Search code examples
clinuxasciinon-ascii-characters

How to compress Non-ASCII characters to 1 byte in C for Linux?


I have a list of Turkish words. I need to compare their lengths. But since some Turkish characters are non-ASCII, I can't compare their lengths correctly. Non-ASCII Turkish characters holds 2 bytes.

For example:

#include <stdio.h>
#include <string.h>

int main()
{
    char s1[] = "ab";
    char s2[] = "çş";

    printf("%d\n", strlen(s1)); // it prints 2
    printf("%d\n", strlen(s2)); // it prints 4

    return 0;
}

My friend said it's possible to do that in Windows with the line of code below:

system("chcp 1254");

He said that it fills the Turkish chars to the extended ASCII table. However it doesn't work in Linux.
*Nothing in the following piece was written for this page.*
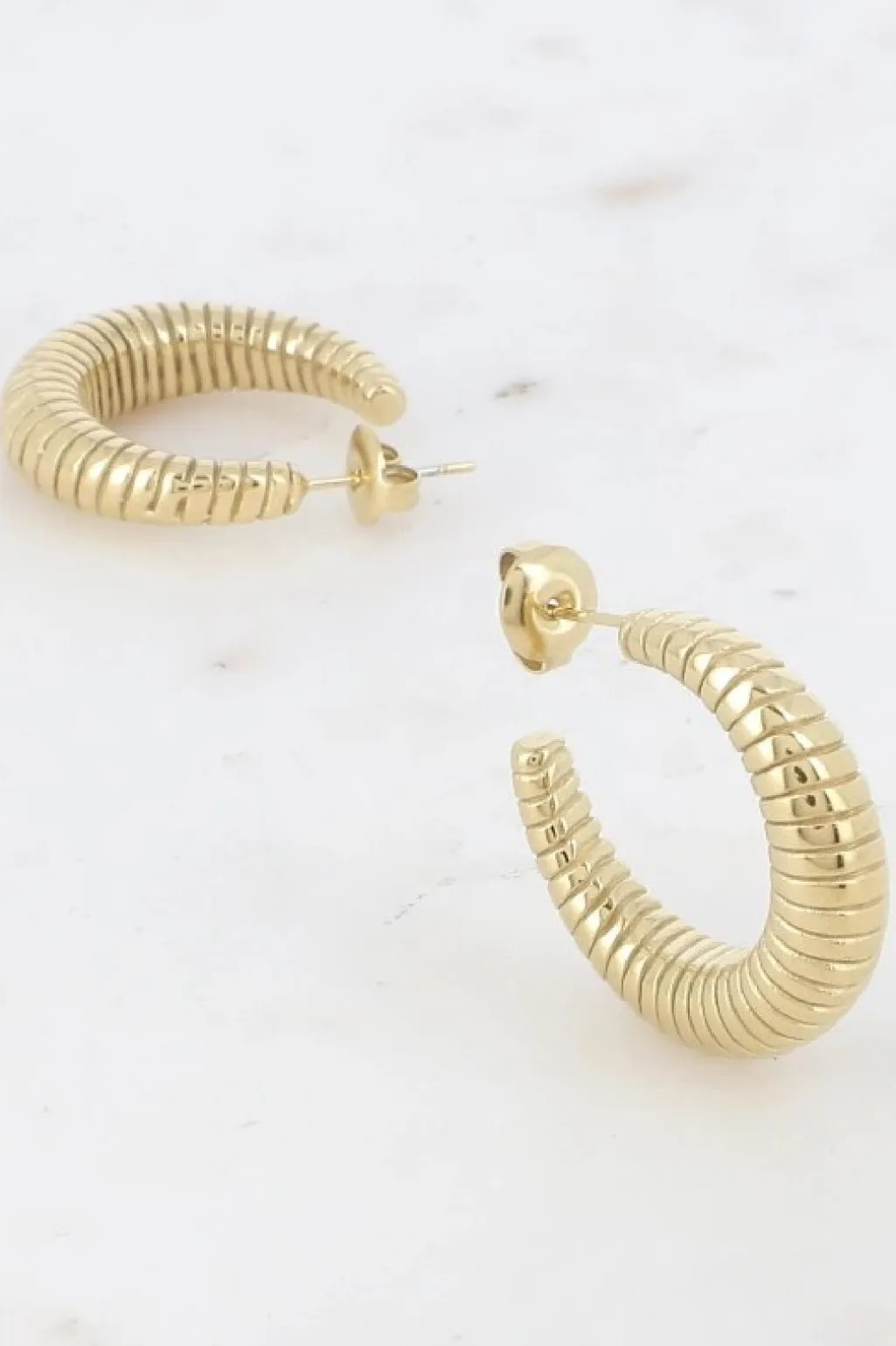 Runde hoops fra Mellow Moon med en bølget, ribbet overflade. Øreringene er lavet i rustfrit stål med en gylden finish, der skaber et fint spil i lyset.

Is there a way to do that in Linux?


Solution

  • One possibility could be to use wide character strings to store words. It does not store characters as one byte but it solves your main problem. To get a set of functions working with your language. The program would look like the following:

    #include <stdio.h>
    #include <string.h>
    #include <wchar.h>
    
    int main()
    {
        wchar_t s1[] = L"ab";
        wchar_t s2[] = L"çş";
    
        printf("%d\n", wcslen(s1)); // it prints 2
        printf("%d\n", wcslen(s2)); // it prints 2
    
        return 0;
    }